Is there evidence that the acetazolamide 250 mg reduces the risk of acute mountain sickness? We begin by formulating a null hypothesis \(H_0\):

The odds of experiencing acute mountain sickness are the same with the acetazolamide treatment as they are with placebo.

Let’s assess the plausibility of this hypothesis with Fisher’s test.

>>> from scipy.stats import fisher_exact
>>> res = fisher_exact([[7, 17], [15, 5]], alternative='less')
>>> res.statistic
0.13725490196078433
>>> res.pvalue
0.0028841933752349743

Using a significance level of 5%, we would reject the null hypothesis in favor of the alternative hypothesis: “The odds of experiencing acute mountain sickness with acetazolamide treatment are less than the odds of experiencing acute mountain sickness with placebo.”

Note

Because the null distribution of Fisher’s exact test is formed under the assumption that both row and column sums are fixed, the result of the test are conservative when applied to an experiment in which the row sums are not fixed.

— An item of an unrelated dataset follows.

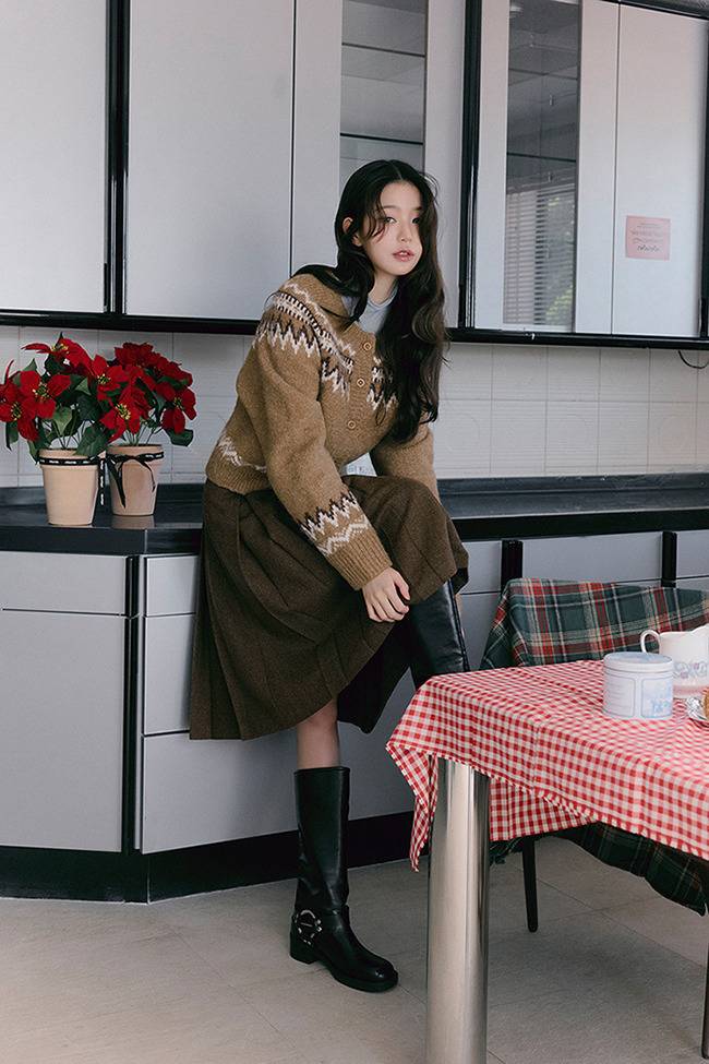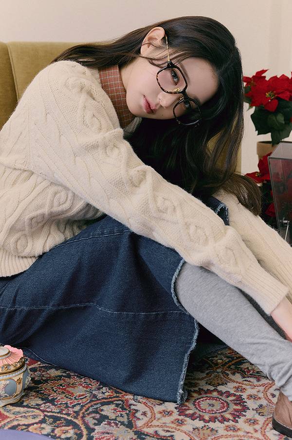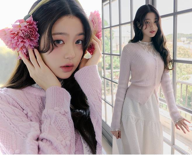 또한 장미 모티브의 니트와 부드러운 파스텔 톤의 카디건으로 여전히 순수하고 러블리한 소녀의 모습을 연출했습니다.

In this case, the column sums are fixed; there are 22 subjects in each group. But the number of cases of acute mountain sickness is not (and cannot be) fixed before conducting the experiment. It is a consequence.

Boschloo’s test does not depend on the assumption that the row sums are fixed, and consequently, it provides a more powerful test in this situation.

>>> from scipy.stats import boschloo_exact
>>> res = boschloo_exact([[7, 17], [15, 5]], alternative='less')
>>> res.statistic
0.0028841933752349743
>>> res.pvalue
0.0015141406667567101

We verify that the p-value is less than with fisher_exact.